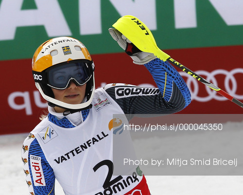 : Third placed Frida Hansdotter of Sweden reacts in finish of second run of women slalom race of FIS Alpine skiing World Championships in Schladming, Austria. Women slalom race of FIS Alpine skiing World championships Schladming 2013, was held in Schladming, Austria, on Saturday, 16th of February 2013.
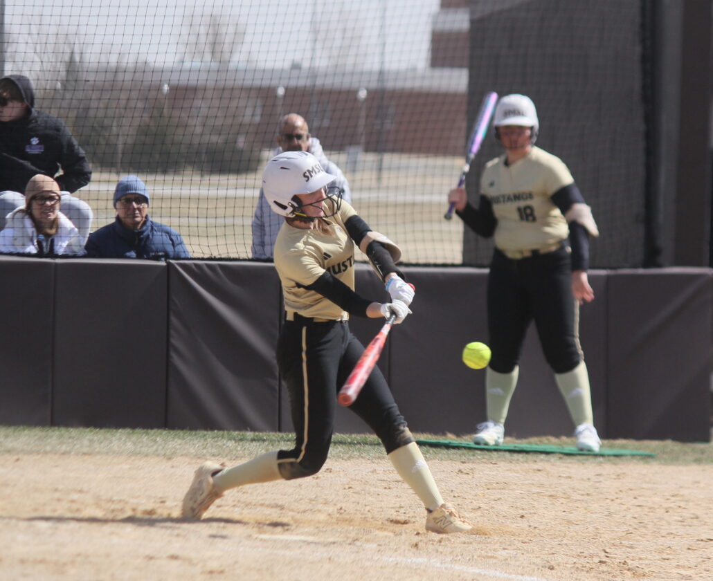 - Photo by Samantha Davis: Southwest Minnesota State University’s Emma Humpal connects for a hit in the first game of a doubleheader against Bemidji State Saturday afternoon at Mustang Field.
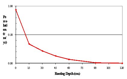 Landfill gas (LFG) inhibits plant growth on landfill covers. Well-established plant growth and deep root penetration are critical to the success and effectiveness of vegetated landfill covers. Poor vegetative stands can result in reduced transpiration, increased percolation, and increased erosion regardless of the thickness of the cover. Therefore, it is important to evaluate the potential effects LFG may have on cover performance. The figure on the right illustrates how reduced rooting depth results in increased percolation.
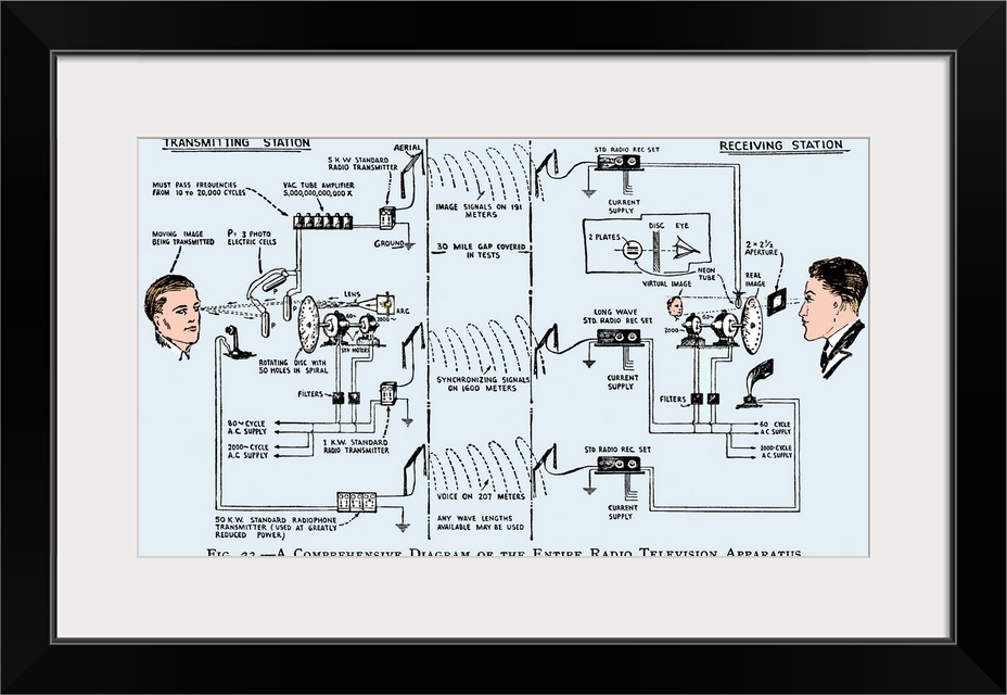<p>1920s television system, diagram. This is the television system used by the Scottish engineer John Logie Baird (1888-1946), and first demonstrated in 1926. The transmitting apparatus is at left, and the receiving apparatus is at right. The system used a rotating mechanical disk with 50 holes in a spiral to break up the picture into areas to record and transmit. The information was transmitted using radio waves. At the receiver, the information is used to build up the image, which is observed through the holes of another rotating disc. Diagram published in Television (Dinsdale, 1928).</p>
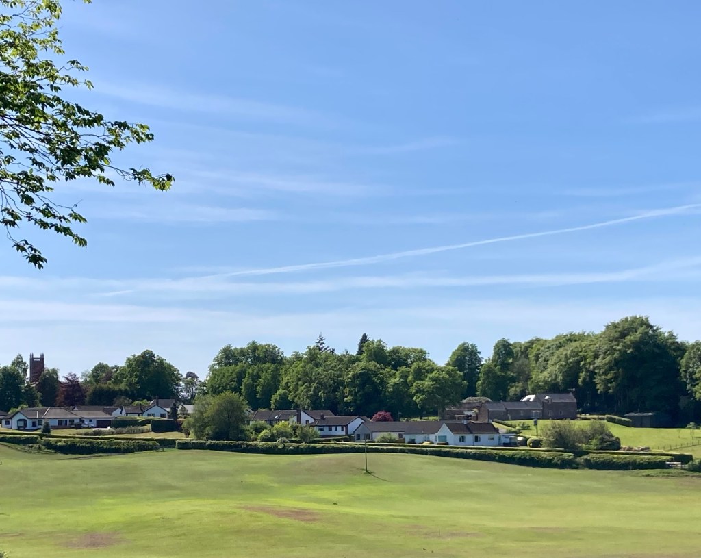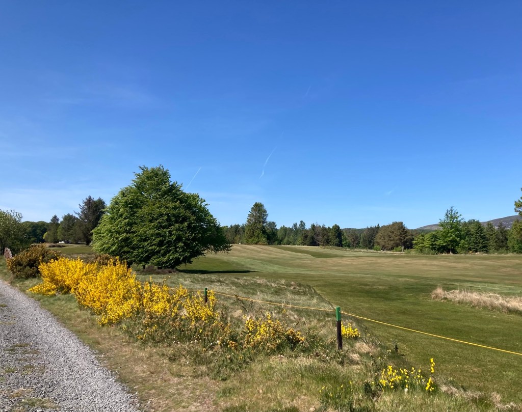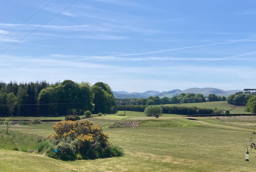 After we returned to Thornhill from lunch, I walked our golf course route that we used to walk when caring for Bruce, Stan and Mary’s former Border Terrier. The views into town and the golf course are amazing.

^^^^

TASK DESCRIPTION
With pictures removed, write out exactly each line of the entries from the first through the line that holds "- Photo by Samantha".

SOLUTION BELOW
 : Third placed Frida Hansdotter of Sweden reacts in finish of second run of women slalom race of FIS Alpine skiing World Championships in Schladming, Austria. Women slalom race of FIS Alpine skiing World championships Schladming 2013, was held in Schladming, Austria, on Saturday, 16th of February 2013.
 - Photo by Samantha Davis: Southwest Minnesota State University’s Emma Humpal connects for a hit in the first game of a doubleheader against Bemidji State Saturday afternoon at Mustang Field.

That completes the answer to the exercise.